Empire Faith arrived at Belfast, County Antrim on 10 January 1944. She sailed on 27 January for Newport, Monmouthshire, arriving on 30 January. She departed from Newport on 29 April for the Belfast Lough, arriving the next day. She sailed on 2 May to join Convoy OS76 km, which had departed from Liverpool that day and split at sea on 13 May. Convoy OS 76 arrived at Freetown on 22 May. Empire Faith was in the portion of the convoy that formed KMS 50 and arrived at Gibraltar on 15 May. She was carrying general cargo. She joined Convoy KMS 50, which departed that day and arrived at Alexandria on 25 May. She departed on 3 June for Port Said, arriving the next day and then sailed to Kosseir, from where she departed on 9 June for Aden, arriving on 14 June. Empire Faith was a member of Convoy AB 41, which departed on 16 June and arrived at Bombay on 24 June. She detached from the convoy, sailing to Melbourne, Victoria, Australia, where she arrived on 19 July.

Empire Faith sailed on 7 September for Adelaide, South Australia, arriving two days later. She departed on 8 October for Port Lincoln, where she arrived on 10 October. Ten days later, she sailed for Colombo, arriving on 10 November. She departed on 14 November for Madras, India, arriving three days later. Empire Faith sailed on 9 December for Cochin, where she arrived on 12 December. She departed the next day for Lourenço Marques, Mozambique, arriving on 27 December.

Empire Faith sailed on 1 January 1945 for Aden, arriving on 15 January. She departed on 28 January for Abadan, Iran, arriving on 4 February and departing nine days later for Karachi, India, where she arrived on 18 February. She sailed on 22 February for Bombay, arriving two days later. Empire Faith sailed on 5 March for Mombasa, Kenya, where she arrived on 14 March. She sailed a fortnight later for Diégo-Suarez, Madagascar, arriving on 31 March. On 4 April, Empire Faith sailed for Mauritius, where she arrived on 8 April. She departed on 26 April for Durban, South Africa, arriving on 2 May and sailing six days later for Port Elizabeth, arriving on 9 May. She departed on 12 May for Cape Town, arriving two days later and sailing on 16 May for Gibraltar, where she arrived on 5 June. She sailed that day for Liverpool, arriving on 10 June.

===Post-war===
Empire Faith sailed on 17 July for Port Said, arriving on 30 August. She then sailed to Suez, from where she departed on 1 August for Aden, arriving four days later. She departed that day for Sydney, New South Wales, Australia, arriving on 31 August. Empire Faith sailed from Sydney on 19 October for Melbourne, arriving two days later. She departed on 2 November for Madras, where she arrived on 23 November. On 8 December, Empire Faith sailed for Vizag, where she arrived two days later. She departed on 17 December for Madras, arriving on 19 December for a five-day stay.

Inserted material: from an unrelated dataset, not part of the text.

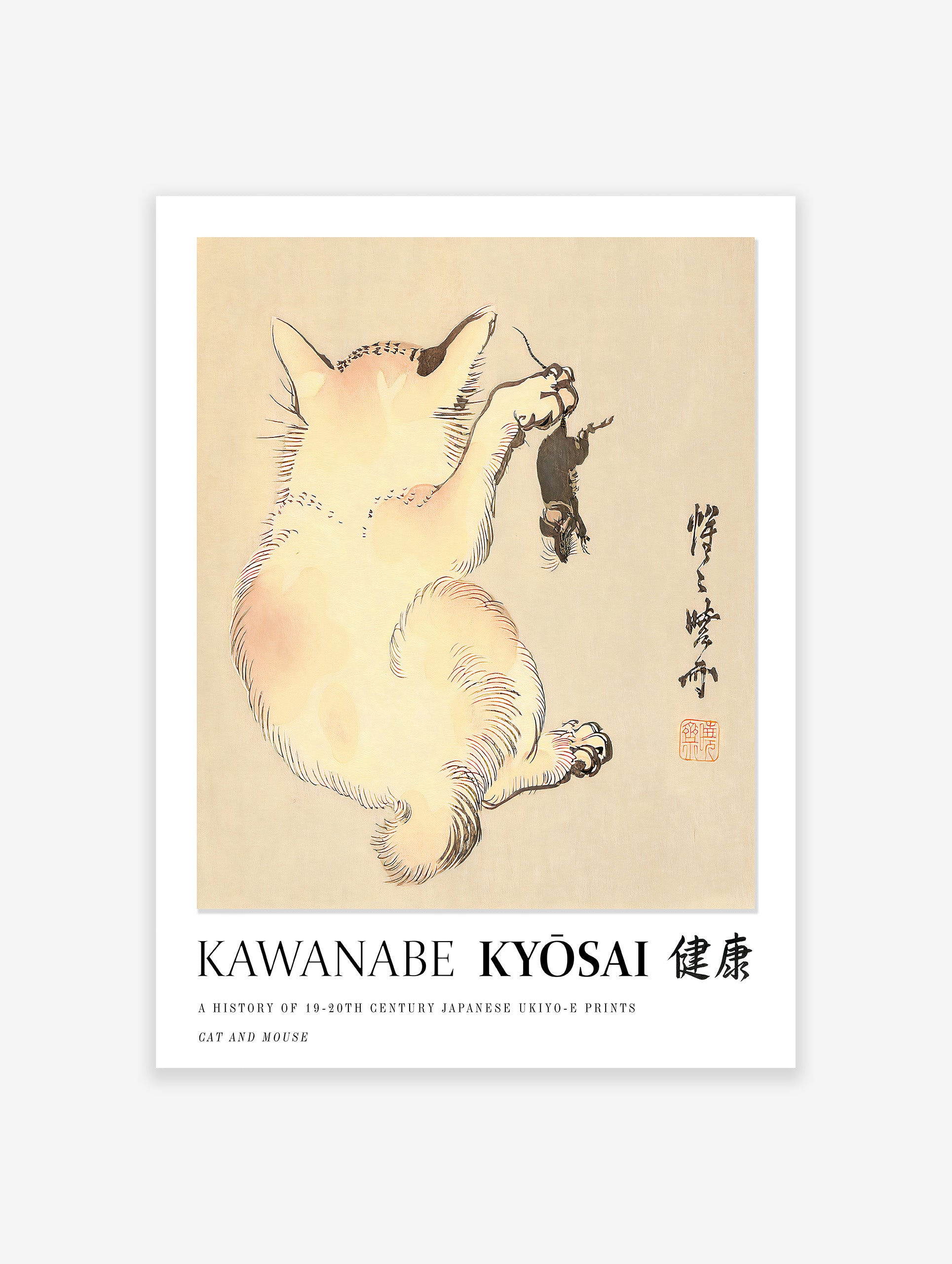 Discover the captivating world of Japanese art with this Kawanabe Kyosai Poster, featuring a charming depiction of a cat holding a mouse. Perfect for art enthusiasts and lovers of traditional Japanese painting, this print adds a touch of whimsy and culture to any space.

In 1946, Empire Faith was sold to Johnston Warren Lines and was renamed Jessmore. In 1947, the company was taken over by Furness Withy to become Furness-Warren Line. In July 1948, part of her cargo was seized as a prize of war in Palestine. In 1958, Jessmore was deemed to be no longer suitable for Furness Withy's requirements. She was sold to Maritime & Commercial Corporation Ltd, Panama and renamed Antiope. She was operated under the management on Wah Kwong & Co, Hong Kong. Antiope arrived in August 1971 at Kaohsiung, Taiwan for scrapping.